What is being asked » Drop every picture. Then return, exactly, the lines from the beginning of the listing below through the one containing "Theo IHS Markit, làn".

━━━━━ Given data

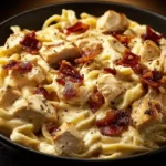 5. Combine: Add the cooked pasta to the sauce, then mix in the chicken and garnish with bacon. Serve warm.
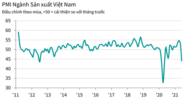 Theo IHS Markit, làn sóng các ca lây nhiễm Covid-19 mới nhất ở Việt Nam đã khiến các điều kiện kinh doanh của các nhà sản xuất suy giảm mạnh trong tháng 6. Sản lượng và số lượng đơn đặt hàng mới giảm với tốc độ nhanh nhất kể từ đợt bùng phát đầu tiên của đại dịch vào đầu năm 2020, trong khi các công ty đã giảm tương ứng số lượng việc làm và hoạt động mua hàng. Đại dịch cũng ảnh hưởng tới chuỗi cung ứng, từ đó khiến thời gian giao hàng bị kéo dài ở mức gần kỷ lục.
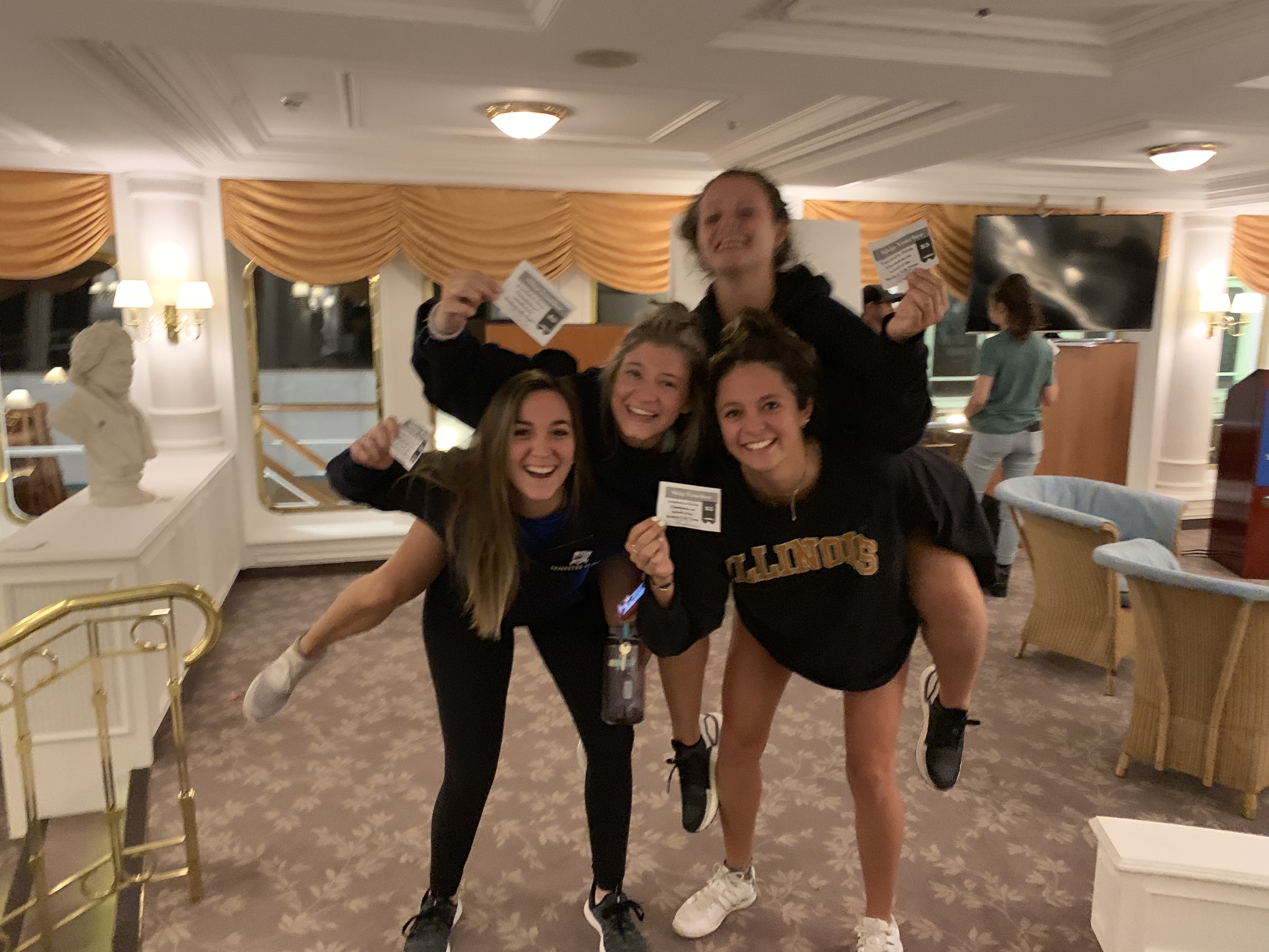 I skipped blogging yesterday because I had a fever and was told by the ship doctor to stay in bed. I am feeling much better today! Last night we had a movie playing in the student union called Crazy Rich Asians. It is one of my favorites. ❤ I had seen it a couple of times but my friend Delainey really wanted to go because she had not seen it. Within the first 15 min of the movie Delainey had fallen asleep… typical. The waves started to get really bad last night. We were told that we are suppose to reach up to 15 feet swells. Yikes! Last night we were only at around 5-10 ft and people were getting sick.

━━━━━━━━━━

Exercise output »
 5. Combine: Add the cooked pasta to the sauce, then mix in the chicken and garnish with bacon. Serve warm.
 Theo IHS Markit, làn sóng các ca lây nhiễm Covid-19 mới nhất ở Việt Nam đã khiến các điều kiện kinh doanh của các nhà sản xuất suy giảm mạnh trong tháng 6. Sản lượng và số lượng đơn đặt hàng mới giảm với tốc độ nhanh nhất kể từ đợt bùng phát đầu tiên của đại dịch vào đầu năm 2020, trong khi các công ty đã giảm tương ứng số lượng việc làm và hoạt động mua hàng. Đại dịch cũng ảnh hưởng tới chuỗi cung ứng, từ đó khiến thời gian giao hàng bị kéo dài ở mức gần kỷ lục.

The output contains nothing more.